> **What is being asked**
Copy the data below exactly, but not the pictures it contains.

> **Material supplied**

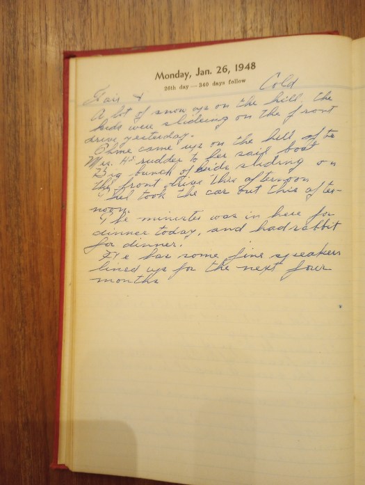The minister was in here for dinner today, and had rabbit for dinner.
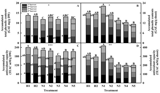 Accumulated total phenolic content (A,B) and antioxidant capacity (C,D) of coastal glehnia in plants grown in Hoagland nutrient solution with various EC levels and newly developed nutrient solution for 23 weeks after transplanting and with four consecutive harvests. Different letters in the figures indicate significant differences. *, **, and *** indicate significance at p < 0.05, 0.01, and 0.001, respectively (n = 5).
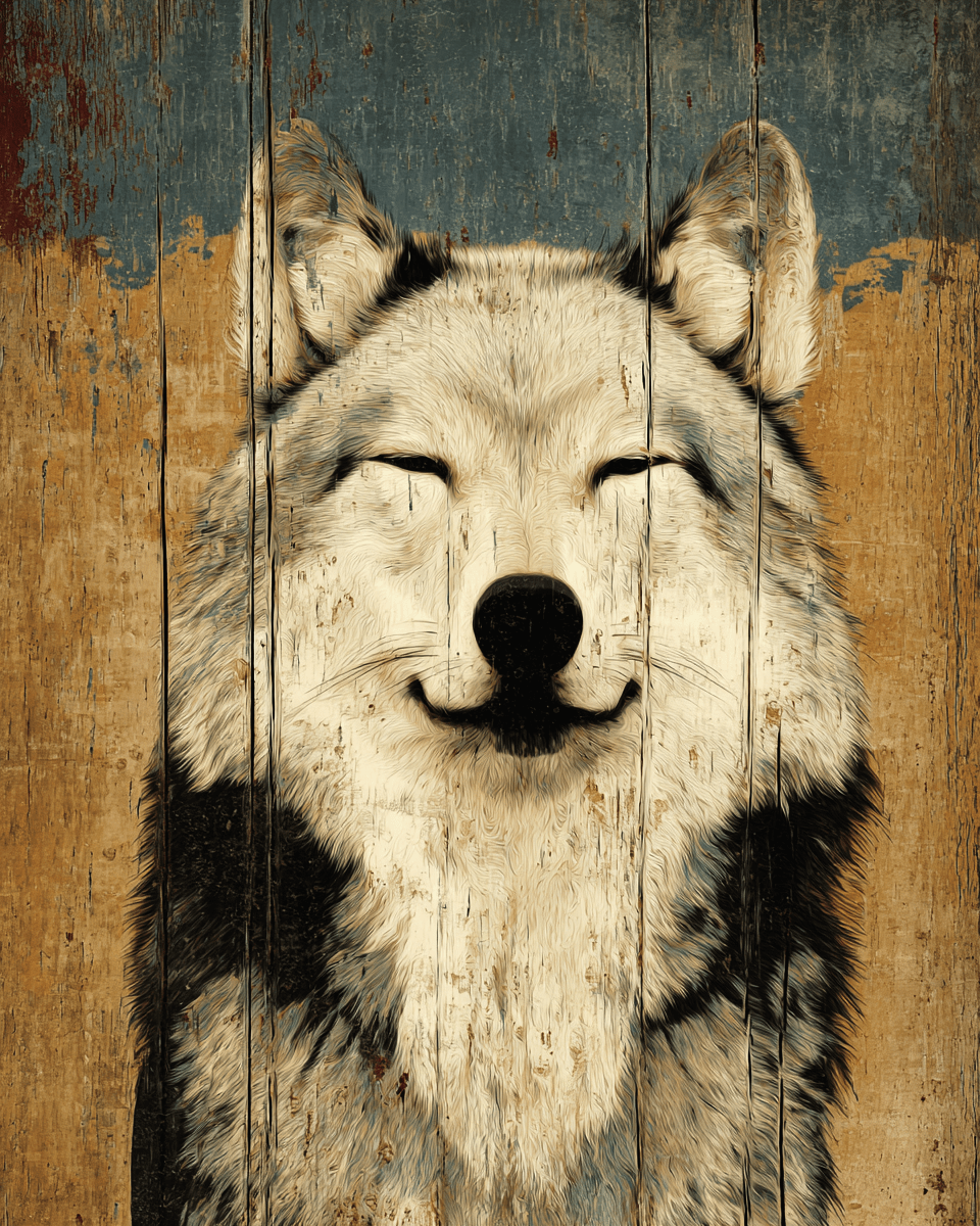 Smiling Wolf Vintage Style Wildlife Home Decor Wall Art
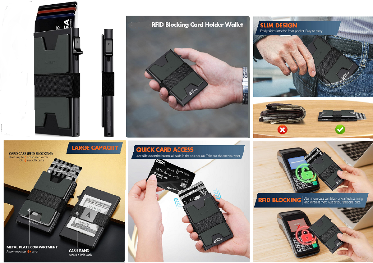 Cadillac 3d Logo Slim Card Minimalist Pop Up Wallet RFID Blocking With Cash Band
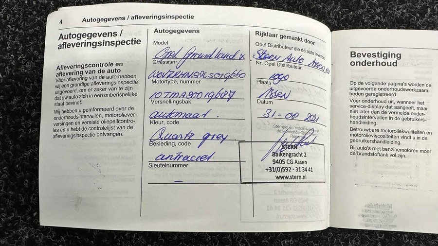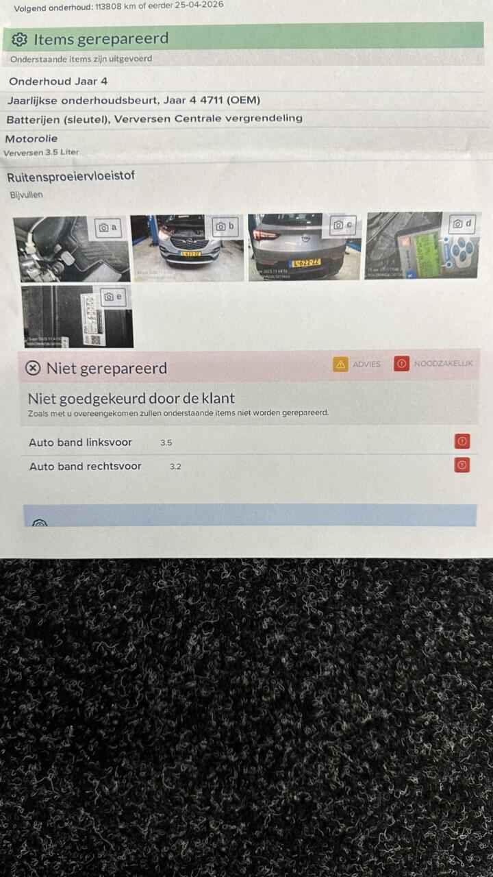 Opel Grandland X 1.2 Turbo Business Executive CAMERA CARPLAY LM NAVI ECC CRUISE. - Kenteken: L-622-ZZ - Merk: Opel - Model: Grandland X - APK tot: 31-08-2027 - Tellerstand: 107253 KM - Carrosserievorm: SUV - Aantal deuren: 5 - Brandstofsoort: Benzine - Bouwjaar: 2021 - Transmissie: Automaat - Kleur: grijs - Bekleding: Leder/Stof - Kleur interieur: zwart - Motorinhoud: 1199 cc - Aantal cilinders: 3 - Motorcode: HN05 - Vermogen: 96 kW / 131pk - Ledig gewicht: 1295 kg - Max. trekgewicht: 1300 kg - Aantal zitplaatsen: 5 - Verbruik: 4.9 l/100 km - BTW/Marge: BTW aftrekbaar, de prijs is inclusief BTW - Lengte: 448 cm - Breedte: 186 cm - Aantal sleutels: 2 - Onderhoudshistorie aanwezig: Ja - Motorrijtuigenbelasting: € 192 - 211 per kwartaal - Emissieklasse: Euro 6 Pakket: Open & Start - Elektrisch bedienbare achterklep met sensorsturing - Keyless entry - Keyless start Pakket: Stoelen pakket - Comfortstoel(en) - Lendesteun(en) verstelbaar Comfort - Boordcomputer - Cruise control - Regensensor Exterieur - Achterruitwisser - Buitenspiegel rechts - Buitenspiegels elektrisch inklapbaar - Buitenspiegels elektrisch verstelbaar - Buitenspiegels in carrosseriekleur - Buitenspiegels met verlichting - Buitenspiegels verwarmbaar - Centrale vergrendeling met afstandsbediening - Chroom delen exterieur - Dimlichten automatisch - Extra getint glas achter - Keyless entry - LED achterlichten - LED dagrijverlichting - LED koplampen - Lichtmetalen velgen 17" - Metaalkleur - Park Distance Control - Parkeersensor achter - Parkeersensor voor Infotainment - Audio installatie - DAB - Multimedia-voorbereiding - Navigatiesysteem full map - Radio - Spraakbediening - Stuur multifunctioneel Interieur - Achterbank in delen neerklapbaar - Airco - Armsteun achter - Armsteun voor - Bestuurdersstoel in hoogte verstelbaar - Binnenspiegel automatisch dimmend - Comfortstoel(en) - Electronic climate control - Elektrische ramen achter - Elektrische ramen voor - Kunstlederen/stof bekleding - Lendesteun(en) verstelbaar - Microvezel bekleding - Middenarmsteun voor - Passagiersstoel in hoogte verstelbaar - Stuur leder - Stuur verstelbaar - Stuurbekrachtiging snelheidsafhankelijk Milieu - Start/stop systeem Overige - Anti Blokkeer Systeem - Apple Carplay/Android Auto - Autonomous Emergency Braking - Bestuurdersairbag - Bluetooth - Bots waarschuwing systeem - Connected services - Dodehoek detectie - Elektrisch bedienbare achterklep met sensorsturing - Elektronisch Stabiliteits Programma - Hoofd airbag(s) achter - Hoofd airbag(s) voor - Keyless start - Passagiersairbag - Zij airbag(s) voor Veiligheid - Achteruitrijcamera - Alarm klasse 1(startblokkering) - Bandenspanningscontrolesysteem - Grootlichtassistent - Hill hold functie - Isofix bevestiging voor kinderzitjes - Verkeersbord detectie - Vermoeidheids herkenning Opel ziet al jaren kans om een brede groep klanten aan te spreken zonder concessies te doen aan vernieuwing en vooruitstrevende keuzes. De kreet 'De toekomst is voor iedereen' gaat meer dan ooit op. Deze Opel heeft een benzinemotor die zuinig is, maar toch hoge prestaties levert. De comfortstoelen zitten op lange ritten zo prettig dat u bijna vergeet te pauzeren. Met een druk op de knop gaat de elektrische achterklep open. Natuurlijk behoren 17 inch lichtmetalen velgen, LED koplampen, donker getint glas achter, in delen neerklapbare achterbank, LED-achterlichten en verstelbare lendensteunen ook tot de uitrusting van deze complete auto. Een vergeten muurtje, een verborgen paaltje? Dat gebeurt niet meer, dankzij de achteruitrijcamera. Net als een smartphone of een slimme speaker kunt u deze auto bedienen met stemcommando's. Hoe is het met de banden, de accu en andere onderdelen? Connected Services maakt het inzichtelijk, 24/7 via de app. Zorgeloos en geconcentreerd rijden? Het full map navigatiesysteem wijst de weg! Ook is de auto voorzien van electronic climate control. De Opel is standaard voorzien van: DAB ontvangst, regensensor, cruise control, keyless entry, automatisch dimmende binnenspiegel en lederen stuur. Zoals u mag verwachten van deze Opel Grandland X is hij uitgerust met een reeks aan actieve veiligheidssystemen. Wat deze auto ook kan, is lezen. Hij 'leest' voor u de verkeersborden tijdens de rit en attendeert u erop door ze op het dashboard te projecteren. De forward collision warning geeft een botswaarschuwing als een aanrijding dreigt met een voorligger. Vermoeidsheidsherkenning herkent tekenen van vermoeidheid bij de bestuurder. Het systeem voorkomt dat er ongelukken gebeuren doordat de bestuurder in slaap valt. Met voorzieningen als dodehoekdetectie, hill hold functie, autonoom remsysteem en bandenspanningcontrolesysteem, bent u altijd veilig onderweg. Een proefrit maken met deze Opel Grandland X? Natuurlijk! Bel even voor een afspraak! U kunt deze deze auto financieren vanaf €349,00 per maand. Voor meer vragen of informatie kunt u ons altijd bellen mailen of smsen. Kijk ook eens naar onze andere voordelige advertenties. Onze garantie/rijklaar pakketten Instapgarantie (€399,-) Auto's van 10 - 15 jaar oud en tot 175.000 km. Inclusief: 12 maand garantie. Nieuwe APK. Algehele check. Kleine onderhoudsbeurt. Excellent garantie (€499,-) Auto's tot 10 jaar oud en tot 175.000 km. Inclusief: 12 maand garantie. Nieuwe APK. Algehele check. Kleine onderhoudsbeurt. Excellent plus garantie (€699,-) Auto's tot 10 jaar oud en tot 175.000 km. Inclusief: 12 maand garantie. Nieuwe APK. Algehele check. Grote onderhoudsbeurt. Exclusive garantie (€1499,-) Speciaal voor onze exclusives. Auto's tot 10 jaar oud en tot 175.000 km. Inclusief: 12 maand garantie Nieuwe APK. Algehele check Inclusief onderhoudsbeurt. Onze advertenties worden met grote zorgvuldigheid op het internet geplaatst. Mocht er onverhoopt toch een fout in staan, dan kan hieraan geen rechten worden ontleend.  Financiering is mogelijk. Whatsapp ons op:  06-552 318 32 RTO autoservice Zuiderdiep 408 7876 AW Valthermond 0599 72 70 12 info@rtoautoservice.nl

> **Your solution**
The minister was in here for dinner today, and had rabbit for dinner.
 Accumulated total phenolic content (A,B) and antioxidant capacity (C,D) of coastal glehnia in plants grown in Hoagland nutrient solution with various EC levels and newly developed nutrient solution for 23 weeks after transplanting and with four consecutive harvests. Different letters in the figures indicate significant differences. *, **, and *** indicate significance at p < 0.05, 0.01, and 0.001, respectively (n = 5).
 Smiling Wolf Vintage Style Wildlife Home Decor Wall Art
 Cadillac 3d Logo Slim Card Minimalist Pop Up Wallet RFID Blocking With Cash Band
 Opel Grandland X 1.2 Turbo Business Executive CAMERA CARPLAY LM NAVI ECC CRUISE. - Kenteken: L-622-ZZ - Merk: Opel - Model: Grandland X - APK tot: 31-08-2027 - Tellerstand: 107253 KM - Carrosserievorm: SUV - Aantal deuren: 5 - Brandstofsoort: Benzine - Bouwjaar: 2021 - Transmissie: Automaat - Kleur: grijs - Bekleding: Leder/Stof - Kleur interieur: zwart - Motorinhoud: 1199 cc - Aantal cilinders: 3 - Motorcode: HN05 - Vermogen: 96 kW / 131pk - Ledig gewicht: 1295 kg - Max. trekgewicht: 1300 kg - Aantal zitplaatsen: 5 - Verbruik: 4.9 l/100 km - BTW/Marge: BTW aftrekbaar, de prijs is inclusief BTW - Lengte: 448 cm - Breedte: 186 cm - Aantal sleutels: 2 - Onderhoudshistorie aanwezig: Ja - Motorrijtuigenbelasting: € 192 - 211 per kwartaal - Emissieklasse: Euro 6 Pakket: Open & Start - Elektrisch bedienbare achterklep met sensorsturing - Keyless entry - Keyless start Pakket: Stoelen pakket - Comfortstoel(en) - Lendesteun(en) verstelbaar Comfort - Boordcomputer - Cruise control - Regensensor Exterieur - Achterruitwisser - Buitenspiegel rechts - Buitenspiegels elektrisch inklapbaar - Buitenspiegels elektrisch verstelbaar - Buitenspiegels in carrosseriekleur - Buitenspiegels met verlichting - Buitenspiegels verwarmbaar - Centrale vergrendeling met afstandsbediening - Chroom delen exterieur - Dimlichten automatisch - Extra getint glas achter - Keyless entry - LED achterlichten - LED dagrijverlichting - LED koplampen - Lichtmetalen velgen 17" - Metaalkleur - Park Distance Control - Parkeersensor achter - Parkeersensor voor Infotainment - Audio installatie - DAB - Multimedia-voorbereiding - Navigatiesysteem full map - Radio - Spraakbediening - Stuur multifunctioneel Interieur - Achterbank in delen neerklapbaar - Airco - Armsteun achter - Armsteun voor - Bestuurdersstoel in hoogte verstelbaar - Binnenspiegel automatisch dimmend - Comfortstoel(en) - Electronic climate control - Elektrische ramen achter - Elektrische ramen voor - Kunstlederen/stof bekleding - Lendesteun(en) verstelbaar - Microvezel bekleding - Middenarmsteun voor - Passagiersstoel in hoogte verstelbaar - Stuur leder - Stuur verstelbaar - Stuurbekrachtiging snelheidsafhankelijk Milieu - Start/stop systeem Overige - Anti Blokkeer Systeem - Apple Carplay/Android Auto - Autonomous Emergency Braking - Bestuurdersairbag - Bluetooth - Bots waarschuwing systeem - Connected services - Dodehoek detectie - Elektrisch bedienbare achterklep met sensorsturing - Elektronisch Stabiliteits Programma - Hoofd airbag(s) achter - Hoofd airbag(s) voor - Keyless start - Passagiersairbag - Zij airbag(s) voor Veiligheid - Achteruitrijcamera - Alarm klasse 1(startblokkering) - Bandenspanningscontrolesysteem - Grootlichtassistent - Hill hold functie - Isofix bevestiging voor kinderzitjes - Verkeersbord detectie - Vermoeidheids herkenning Opel ziet al jaren kans om een brede groep klanten aan te spreken zonder concessies te doen aan vernieuwing en vooruitstrevende keuzes. De kreet 'De toekomst is voor iedereen' gaat meer dan ooit op. Deze Opel heeft een benzinemotor die zuinig is, maar toch hoge prestaties levert. De comfortstoelen zitten op lange ritten zo prettig dat u bijna vergeet te pauzeren. Met een druk op de knop gaat de elektrische achterklep open. Natuurlijk behoren 17 inch lichtmetalen velgen, LED koplampen, donker getint glas achter, in delen neerklapbare achterbank, LED-achterlichten en verstelbare lendensteunen ook tot de uitrusting van deze complete auto. Een vergeten muurtje, een verborgen paaltje? Dat gebeurt niet meer, dankzij de achteruitrijcamera. Net als een smartphone of een slimme speaker kunt u deze auto bedienen met stemcommando's. Hoe is het met de banden, de accu en andere onderdelen? Connected Services maakt het inzichtelijk, 24/7 via de app. Zorgeloos en geconcentreerd rijden? Het full map navigatiesysteem wijst de weg! Ook is de auto voorzien van electronic climate control. De Opel is standaard voorzien van: DAB ontvangst, regensensor, cruise control, keyless entry, automatisch dimmende binnenspiegel en lederen stuur. Zoals u mag verwachten van deze Opel Grandland X is hij uitgerust met een reeks aan actieve veiligheidssystemen. Wat deze auto ook kan, is lezen. Hij 'leest' voor u de verkeersborden tijdens de rit en attendeert u erop door ze op het dashboard te projecteren. De forward collision warning geeft een botswaarschuwing als een aanrijding dreigt met een voorligger. Vermoeidsheidsherkenning herkent tekenen van vermoeidheid bij de bestuurder. Het systeem voorkomt dat er ongelukken gebeuren doordat de bestuurder in slaap valt. Met voorzieningen als dodehoekdetectie, hill hold functie, autonoom remsysteem en bandenspanningcontrolesysteem, bent u altijd veilig onderweg. Een proefrit maken met deze Opel Grandland X? Natuurlijk! Bel even voor een afspraak! U kunt deze deze auto financieren vanaf €349,00 per maand. Voor meer vragen of informatie kunt u ons altijd bellen mailen of smsen. Kijk ook eens naar onze andere voordelige advertenties. Onze garantie/rijklaar pakketten Instapgarantie (€399,-) Auto's van 10 - 15 jaar oud en tot 175.000 km. Inclusief: 12 maand garantie. Nieuwe APK. Algehele check. Kleine onderhoudsbeurt. Excellent garantie (€499,-) Auto's tot 10 jaar oud en tot 175.000 km. Inclusief: 12 maand garantie. Nieuwe APK. Algehele check. Kleine onderhoudsbeurt. Excellent plus garantie (€699,-) Auto's tot 10 jaar oud en tot 175.000 km. Inclusief: 12 maand garantie. Nieuwe APK. Algehele check. Grote onderhoudsbeurt. Exclusive garantie (€1499,-) Speciaal voor onze exclusives. Auto's tot 10 jaar oud en tot 175.000 km. Inclusief: 12 maand garantie Nieuwe APK. Algehele check Inclusief onderhoudsbeurt. Onze advertenties worden met grote zorgvuldigheid op het internet geplaatst. Mocht er onverhoopt toch een fout in staan, dan kan hieraan geen rechten worden ontleend.  Financiering is mogelijk. Whatsapp ons op:  06-552 318 32 RTO autoservice Zuiderdiep 408 7876 AW Valthermond 0599 72 70 12 info@rtoautoservice.nl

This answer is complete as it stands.